Very often I find that, when starting out, it is more difficult to write down an accurate statement of the problem than you might expect. The report might be: "The application crashes". But is that a Not Responding window or an application error? If there is an error, what is the exact message, and what happens when you click on OK? Is there an error shown in the Application Event Log? Does the application log show an error? How often does this occur? How many people are affected? What is the user doing in the moments leading up to the problem? Writing down what is and is not known goes a long way to defining what problem we are trying to solve.
It is not always easy.

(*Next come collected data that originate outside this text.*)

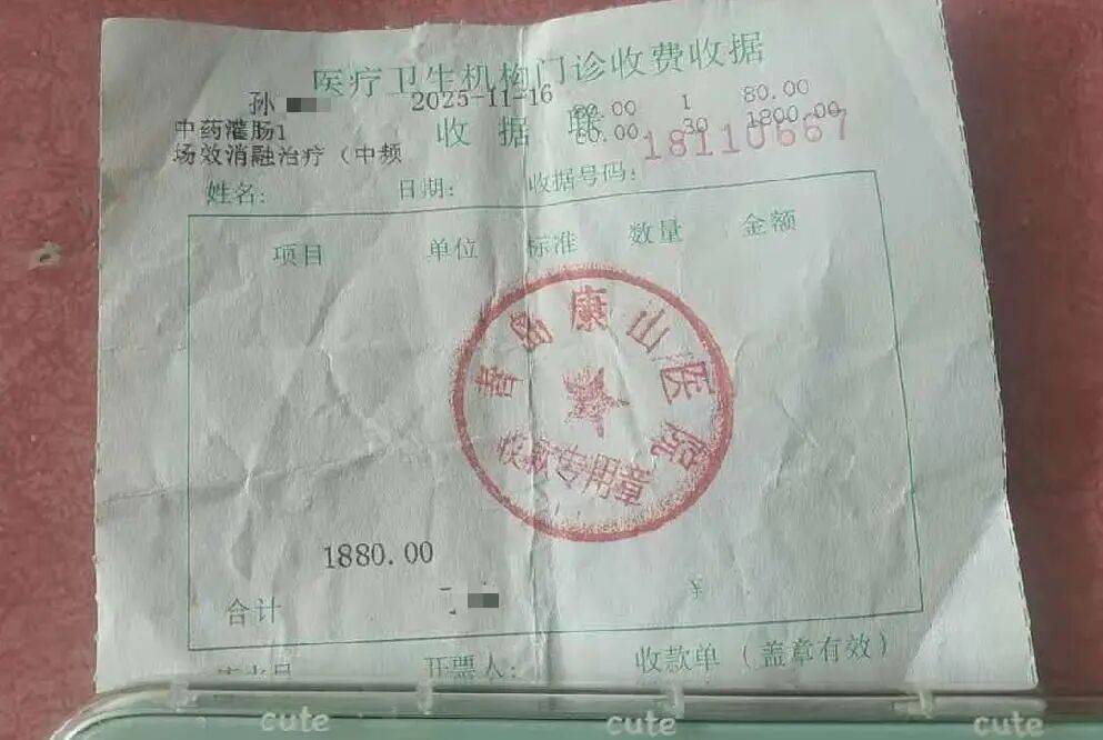 孙先生提供的票据,11月16日,他还继续花费1880元治疗
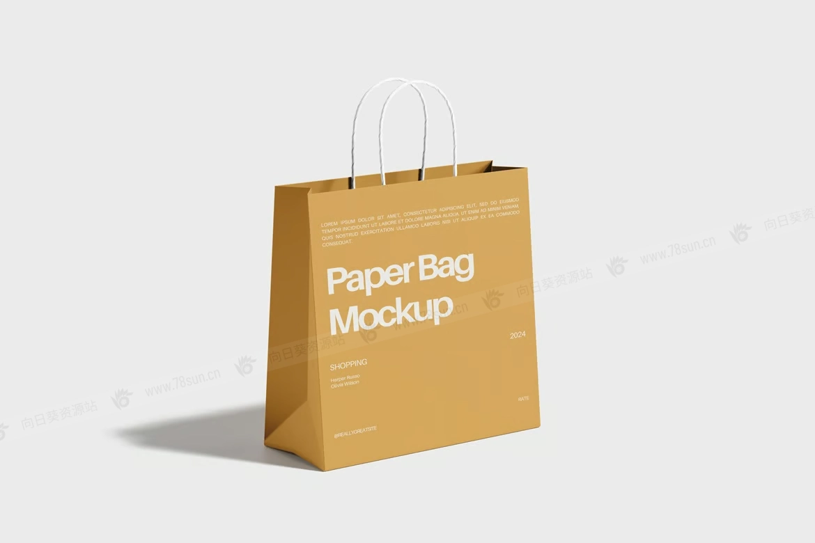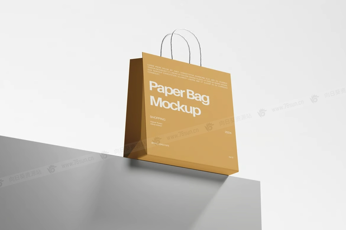纸袋购物袋手提袋VI效果图展示智能贴图PSD设计样机,包括 6 个具有分层良好 PSD 文件的 ITEMS,并且此模型还使用智能对象功能,这意味着您可以在几秒钟内轻松快速地使用自己的设计更改当前设计。
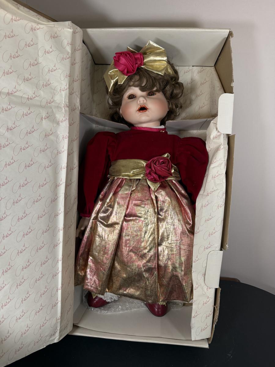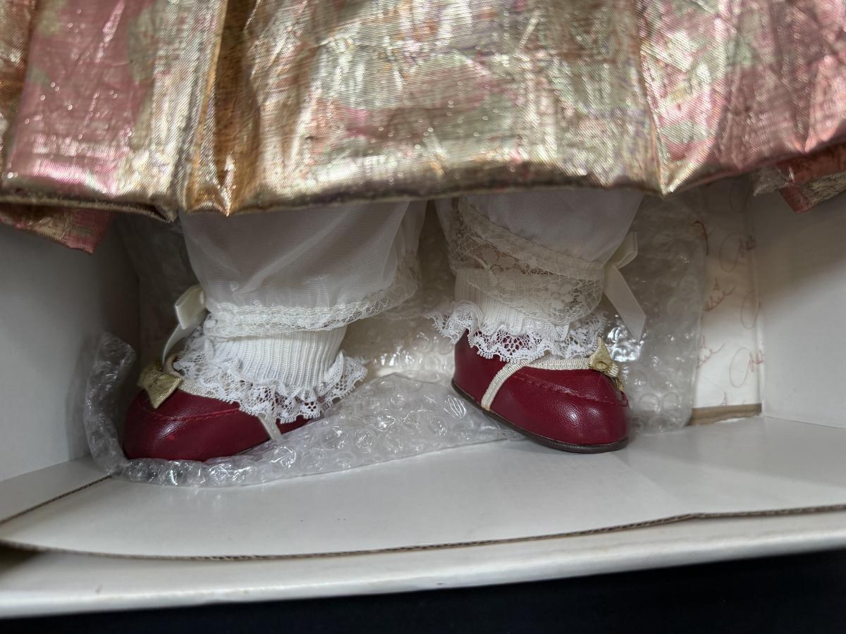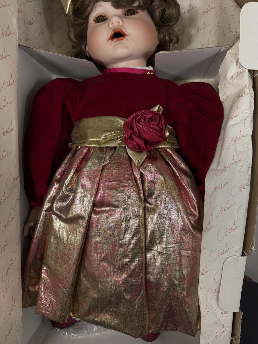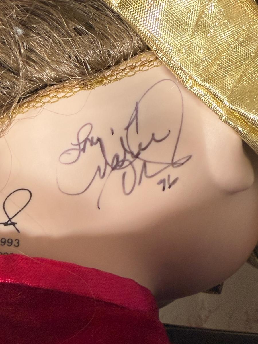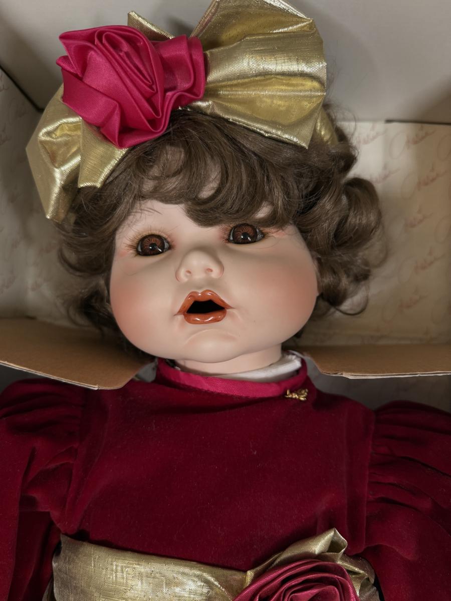 LOT 19G: Signed by Marie Osmond 1996 Porcelain Marie Osmond Toddler Series Collector Doll w/ Box - Gold & Red Dress, #3763/5000

I have worked on a fault causing Windows to crash with a bug check, where it was difficult to know even whether there was a single problem, or more than one.

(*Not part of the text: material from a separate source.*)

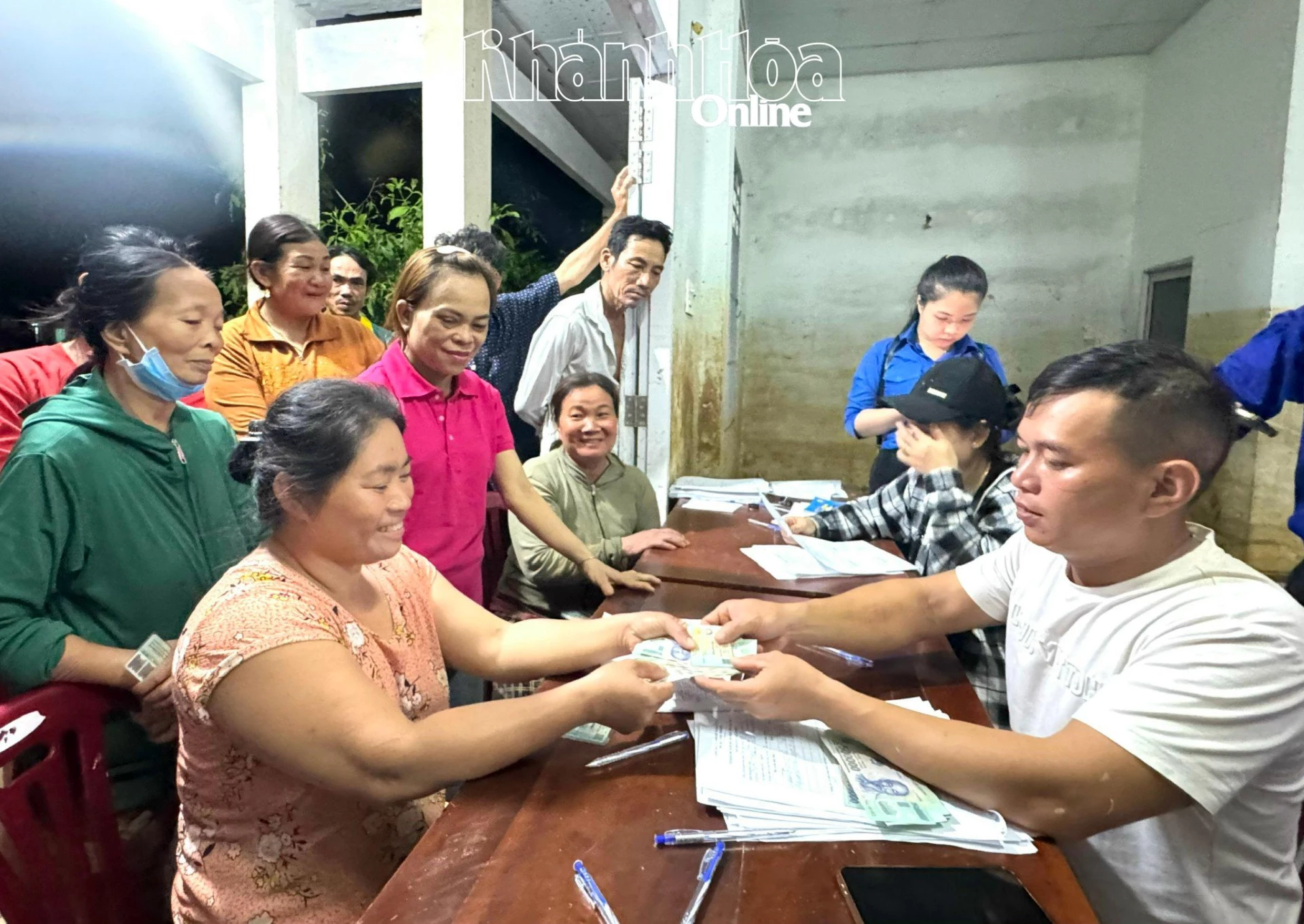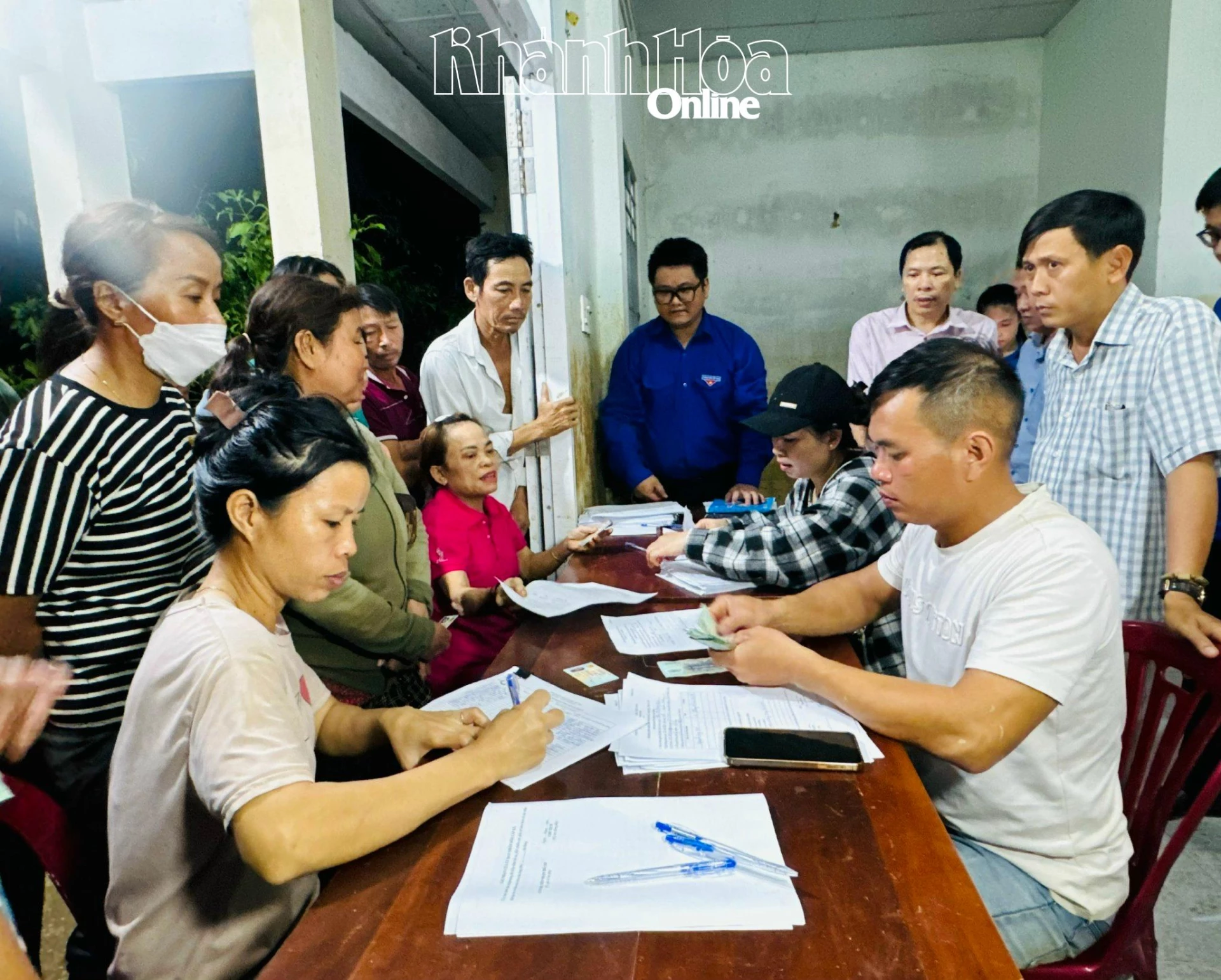 | Trưởng thôn Trung 1 trao tiền hỗ trợ tại nhà một người dân. |

This is not a distinct step. But I identify it separately because we attempt to gather data systematically to understand the problem better. The more we understand, the more specific the tools we might use to investigate further.
Initially we might configure application debug level logging. Or we might run a network capture. As we narrow it down we might get very specific.
For example, I recently had a problem where Outlook seemed to hang for a few seconds when typing. I first ran a network capture of all traffic to see if, perhaps, a peak was causing a delay in response. There was no significant level of traffic. There was no significant latency. No retransmission. No problems with the network connection in general.
Then I ran a capture only between the Outlook client and the Exchange server (using the relevant ports). I noticed a spike in traffic every 15 minutes, coinciding with the problem. But what was the spike? Was it normal, or a fault?
So then, on the server, I configured Remote Operation (ROP) logging to capture the exact MAPI operations being performed by the client. The problem was caused by a MAPI action to re-read the mail database and refresh the view in Outlook. This occurred exactly when the user experienced the problem.
I will mention just two aspects of the analysis.
One is that we must have a mental model of the part of the system we are examining, and all its components. We then need to rule in or out the different components we think could be involved. Often I am told the problem is in Citrix. When I investigate, it is not in Citrix at all. It is in, for example, the configuration of the application on Citrix. Or, in one very difficult case, it was port exhaustion in an unpatched Windows server. Or it might be a configuration error in Citrix after all.
The second is conjecture. I use the term to mean that we need to develop an idea of a single cause of all the different symptoms we have found in the investigation. I don’t mean a guess. For example, sometimes people will say "I think it must be the anti-virus". This is a guess. But a conjecture would be: "A windows driver fault is occurring in the I/O stack. It is a type of fault that does not appear in testing using Driver Verifier". This is exactly what the problem was, but it was extremely difficult to find.
An interesting aspect of troubleshooting is that the final part is often really easy. Often, I don’t need to be involved any further, once the exact cause is identified.
You might think that, after investigation and analysis, we may have a good idea but we cannot be certain. Of course, nothing is ever entirely certain. But going back to what I said about the context, the problem must be caused by a specific fault; otherwise the behaviour would be normal. When you find the cause, you just know this is it.